# Information shown:
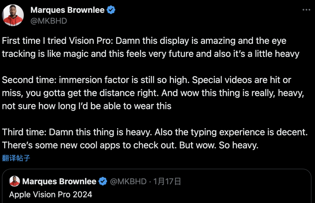 还有知名科技博主@MKBHD 也表示,Vision Pro的重量难以承受,每次在体验某个新功能时,他都感叹了一声“实在太重了”。
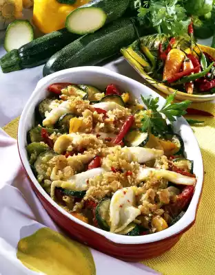 Put the vegetables in a greased baking dish and spread the marinated plaice fillets on top. Pour over the egg and sprinkle with white bread and butter in flakes. Bake in the preheated oven (electric oven: 200 °C/ gas: level 3) for 25-30 minutes.
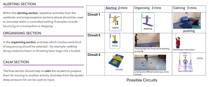 At Almond Hill children whose sensory needs have been identified, typically have two sessions a day each lasting approximately 10 minutes in the Cedar room. Here they can use the circuit to help regulate these 3 senses -touch – vestibular – proprioception.
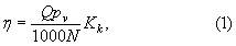 где N - мощность, потребляемая электродвигателем вентилятора, кВт; Kk - коэффициент адиабатного сжатия; L - работа адиабатного расширения 1 м3 сжатого воздуха, Дж/м3; q - расход сжатого воздуха, м3/с |

# Assignment:
In the listing, find the line with "Put the vegetables" and retype exactly from there through the last line, both included, leaving the pictures out.

# Result:
 Put the vegetables in a greased baking dish and spread the marinated plaice fillets on top. Pour over the egg and sprinkle with white bread and butter in flakes. Bake in the preheated oven (electric oven: 200 °C/ gas: level 3) for 25-30 minutes.
 At Almond Hill children whose sensory needs have been identified, typically have two sessions a day each lasting approximately 10 minutes in the Cedar room. Here they can use the circuit to help regulate these 3 senses -touch – vestibular – proprioception.
 где N - мощность, потребляемая электродвигателем вентилятора, кВт; Kk - коэффициент адиабатного сжатия; L - работа адиабатного расширения 1 м3 сжатого воздуха, Дж/м3; q - расход сжатого воздуха, м3/с |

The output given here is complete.